The answer must be only the lines below from the one holding "Kwiecień 1984, Radom, Polska." down to the one holding "Ophilia,浅蓝色头发,黄绿色眼睛,胸部,长发,非常", ends included, printed exactly; please omit all pictures.

[DATASET EXCERPTS — start]

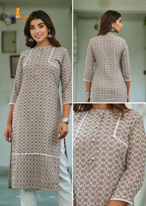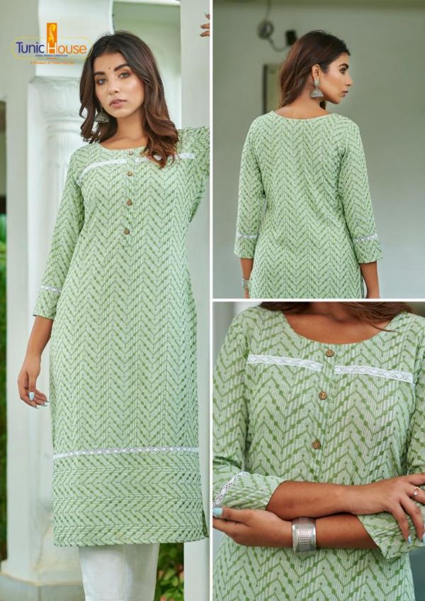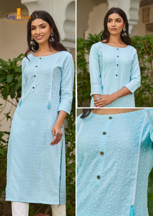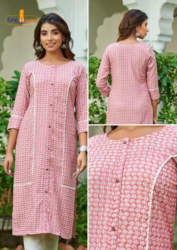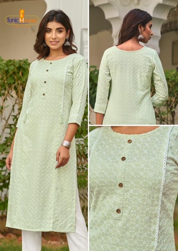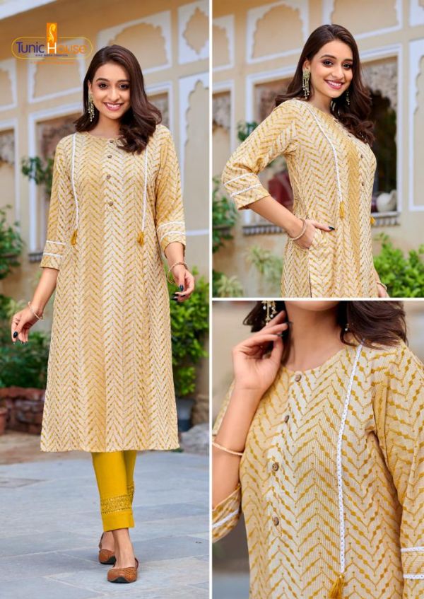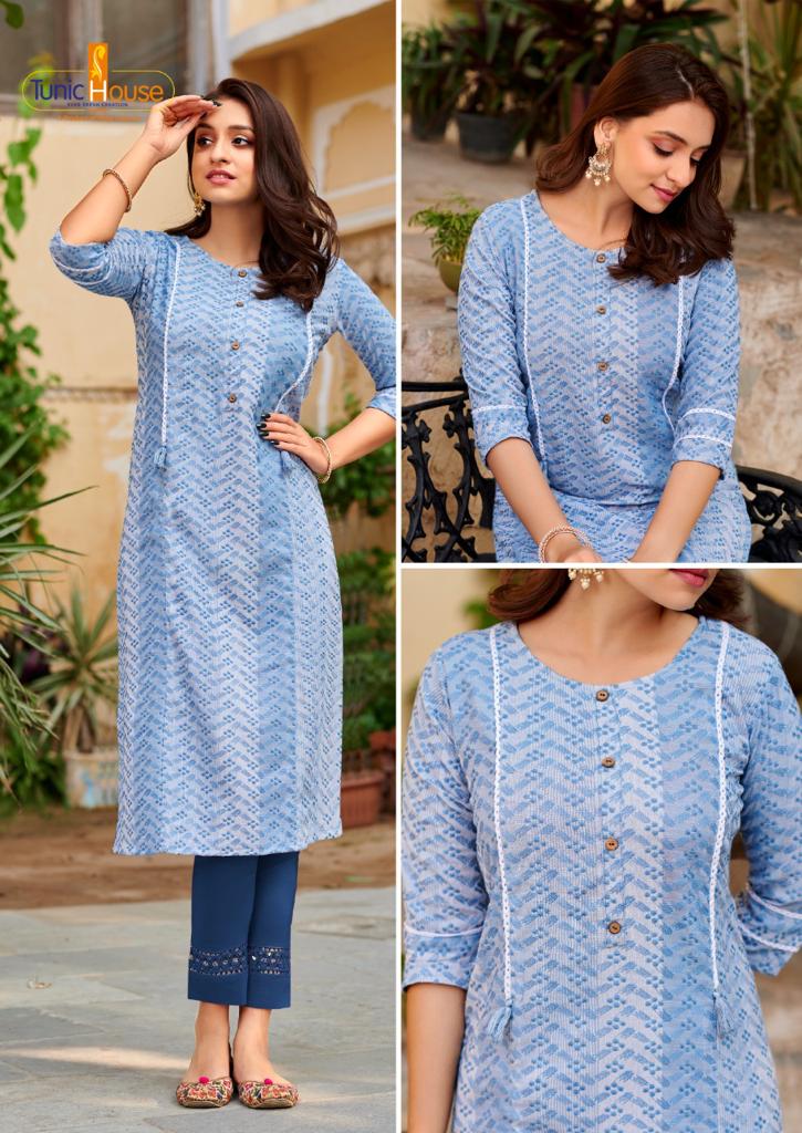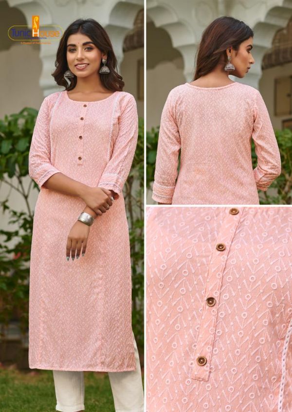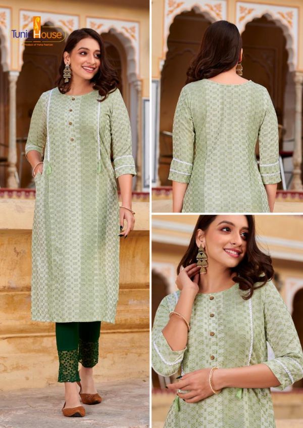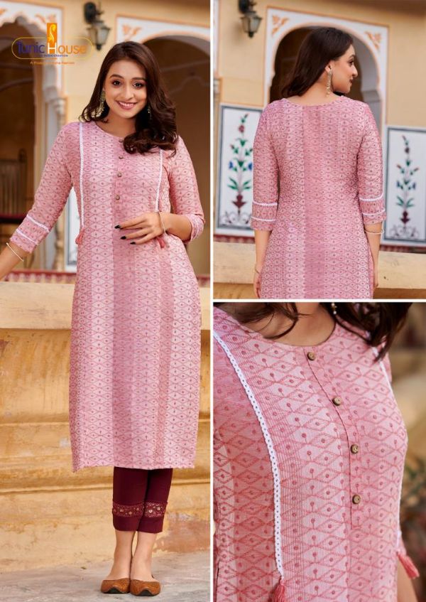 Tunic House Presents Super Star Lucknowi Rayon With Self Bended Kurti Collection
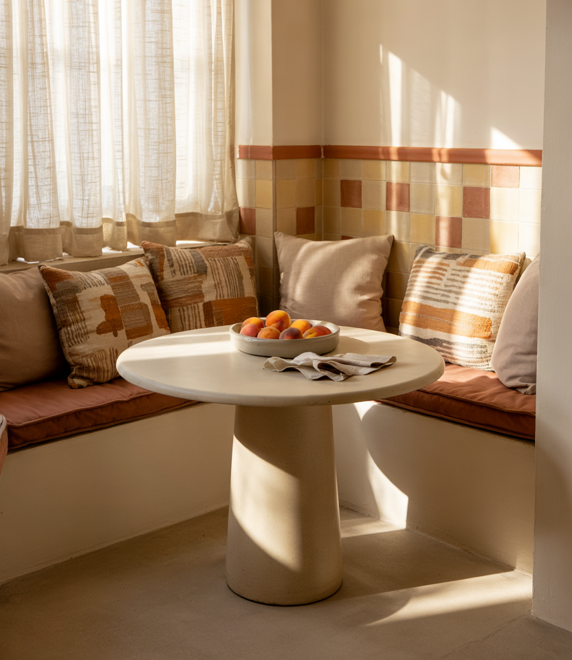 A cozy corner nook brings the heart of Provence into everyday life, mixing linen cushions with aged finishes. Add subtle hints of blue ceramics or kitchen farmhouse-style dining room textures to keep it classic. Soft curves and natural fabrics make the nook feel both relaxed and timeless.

[DATASET EXCERPTS — finish]
[DATASET EXCERPTS — start]

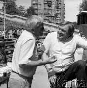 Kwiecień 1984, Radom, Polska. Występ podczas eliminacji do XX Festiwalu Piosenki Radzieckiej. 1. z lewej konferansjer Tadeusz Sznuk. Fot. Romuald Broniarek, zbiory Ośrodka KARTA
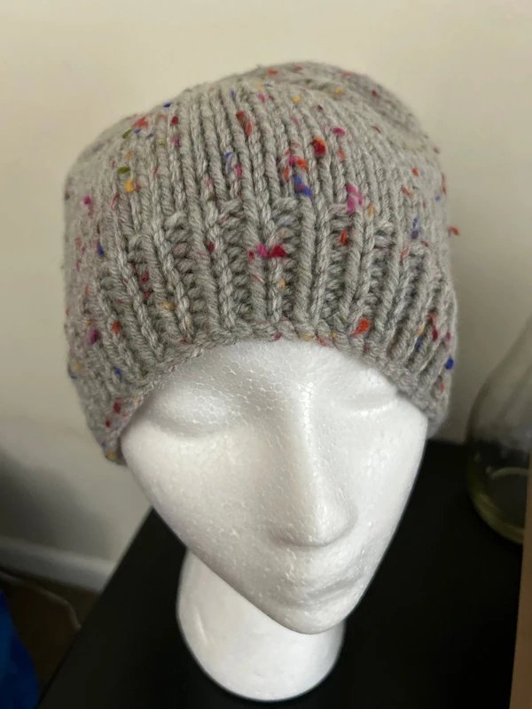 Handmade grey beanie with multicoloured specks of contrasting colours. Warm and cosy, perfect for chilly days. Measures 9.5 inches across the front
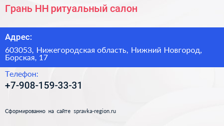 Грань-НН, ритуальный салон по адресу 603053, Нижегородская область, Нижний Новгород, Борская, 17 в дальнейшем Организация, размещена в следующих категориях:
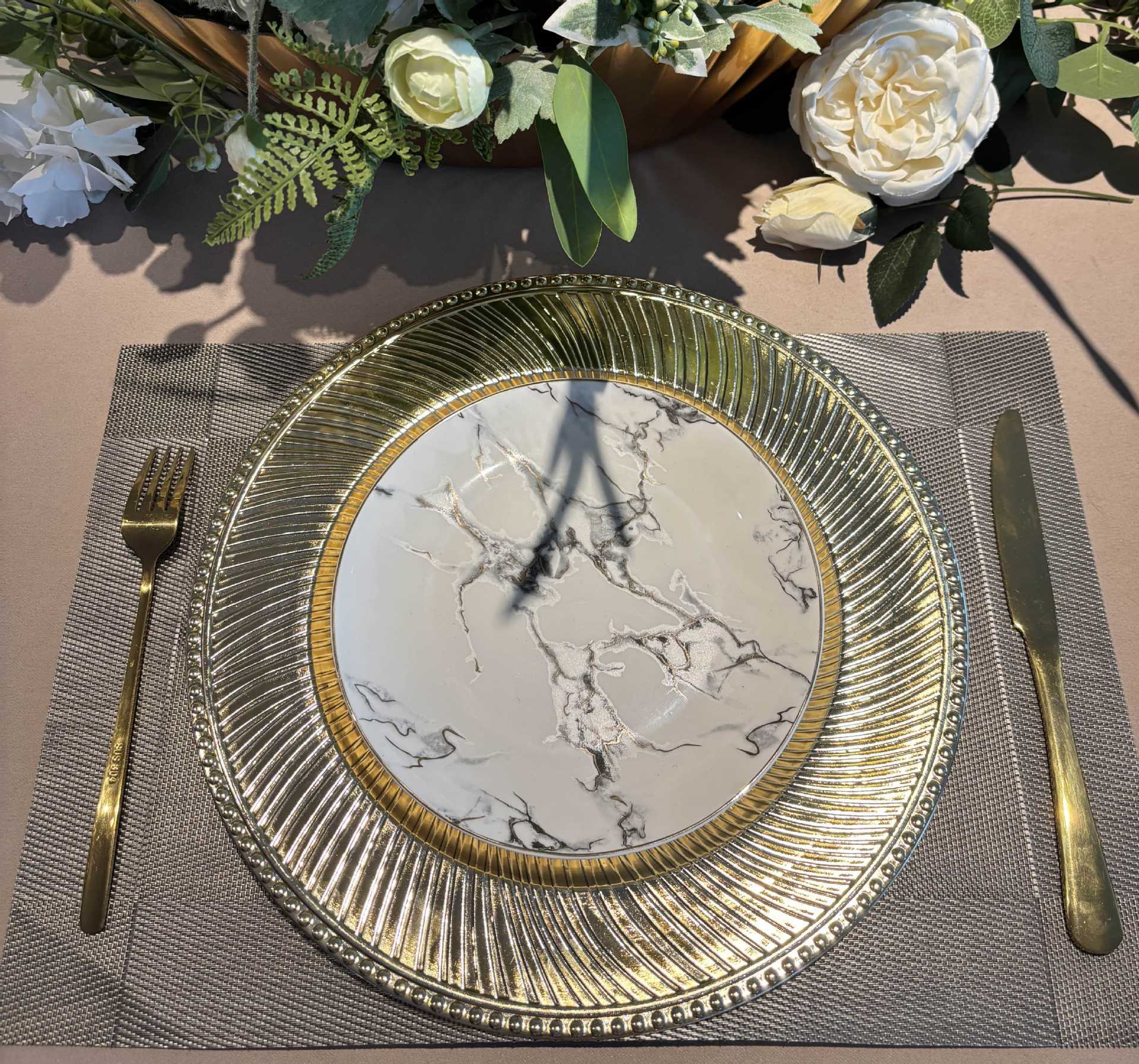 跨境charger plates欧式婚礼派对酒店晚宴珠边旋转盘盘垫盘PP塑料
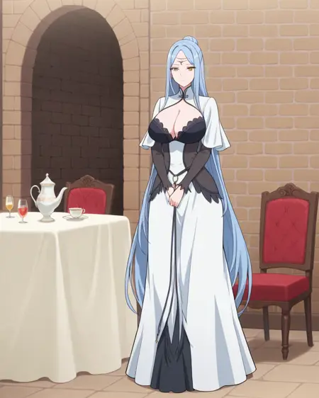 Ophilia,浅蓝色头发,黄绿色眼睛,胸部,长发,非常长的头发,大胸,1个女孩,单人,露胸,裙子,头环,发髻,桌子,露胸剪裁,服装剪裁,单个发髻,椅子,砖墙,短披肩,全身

[DATASET EXCERPTS — finish]

◆ **RESPONSE BELOW**:
 Kwiecień 1984, Radom, Polska. Występ podczas eliminacji do XX Festiwalu Piosenki Radzieckiej. 1. z lewej konferansjer Tadeusz Sznuk. Fot. Romuald Broniarek, zbiory Ośrodka KARTA
 Handmade grey beanie with multicoloured specks of contrasting colours. Warm and cosy, perfect for chilly days. Measures 9.5 inches across the front
 Грань-НН, ритуальный салон по адресу 603053, Нижегородская область, Нижний Новгород, Борская, 17 в дальнейшем Организация, размещена в следующих категориях:
 跨境charger plates欧式婚礼派对酒店晚宴珠边旋转盘盘垫盘PP塑料
 Ophilia,浅蓝色头发,黄绿色眼睛,胸部,长发,非常长的头发,大胸,1个女孩,单人,露胸,裙子,头环,发髻,桌子,露胸剪裁,服装剪裁,单个发髻,椅子,砖墙,短披肩,全身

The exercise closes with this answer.